Retirement: The Big Picture

A 65-year-old today could spend more than 20 years in retirement.

When Franklin Roosevelt set up the Social Security system back in 1935, the expectation was that anyone who made it to age 65 would be spending about 11 years in retirement. That’s about a quarter of most people’s productive working years. But people are living longer than ever these days: The average 65-year-old today can expect to spend more than 20 years in retirement. And joint life expectancies are even longer, so if you’re married, you’d better plan on 25 years—or more. If you live to the age of 90, you will be retired for 25 years, or more than half the time you spent working.

That represents a global shift in the way people need to think about their retirement planning. It no longer is enough to reach your golden years with a nest egg that you plan to spend down. In today’s demographic environment, your money will have to keep working even after you stop working.

This month marks the first in a series of newsletters called “The Big Picture,” in which we will take a step back and look at investing issues from the larger perspective. And perhaps the biggest one to look at, because of the sheer amount of time involved in it, is retirement planning.

A Way of Life

Investment advisors keep an eye on the big picture.

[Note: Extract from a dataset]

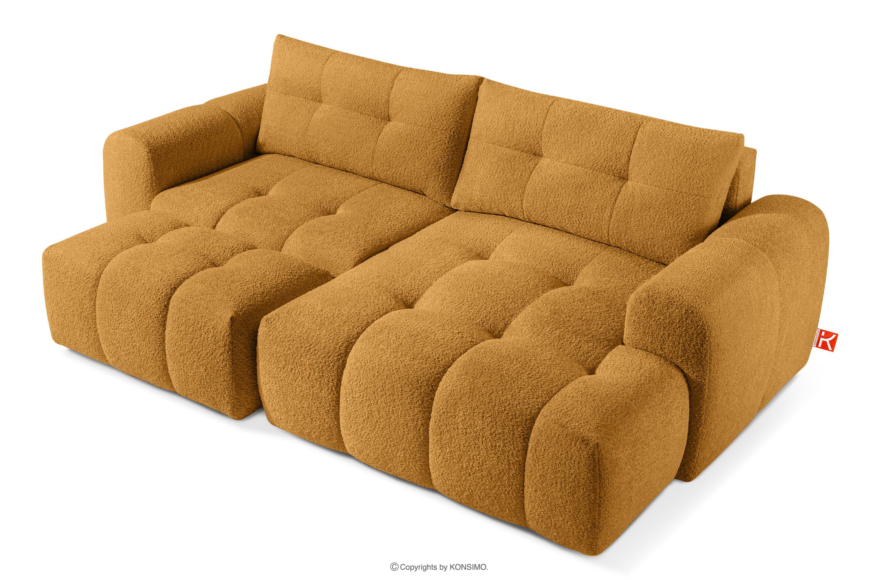 Narożnik z pikowaniem w stylu japandi boucle prawy miodowy RAVIA - kolor miodowy

That’s why investment planning doesn’t end when you reach retirement. In fact, it may become even more important at that point because most people have very little else to rely on after age 65. And while people tend to become more risk averse as they get older, the very notion of risk itself becomes different in retirement.

Investment advisers tend to define risk as the chance that a certain investment will lose value over the course of a year. Investors looking at the big picture, however, see risk a little differently. For them, the biggest question is whether their portfolio will perform well enough to meet their goals. When you’re invested with a time horizon of, say, 40 years, counting both working years and retirement, what happens to a single stock within the space of 12 months is not terribly significant.

The real risk, the big picture risk, is that you are not able to maintain your primary goal in retirement, which is to live the lifestyle that you want. That requires monitoring not how a stock performs in a one-year period but how an overall portfolio, including all of a person’s assets, holds up over the course of decades.

So a key question to ask yourself as you approach retirement is: How do I derive enough income from my investments to preserve my lifestyle? We sometimes get in the habit of focusing on a number as our financial goal, but reaching some arbitrary figure is not the point. The ultimate concern is that you have a certain type of life you’re accustomed to living, and you want that to continue into your retirement. And if, as we discussed, you expect to be retired for 20 or 30 years, you need to make sure your portfolio and financial planning is set up to cover all that time.

Time to Grow

Focus on the goals of your retirement.

The key then is not to seek out growth, or income, but growth of income. Keeping your income growing throughout your retirement and sustaining your wealth long term is the best way to maintain your standard of living.

That’s the way we see things at Bernhardt Wealth Management. We keep our clients focused on the big picture, on the ultimate goals and purposes of wealth management, rather than on what CNBC is reporting this morning.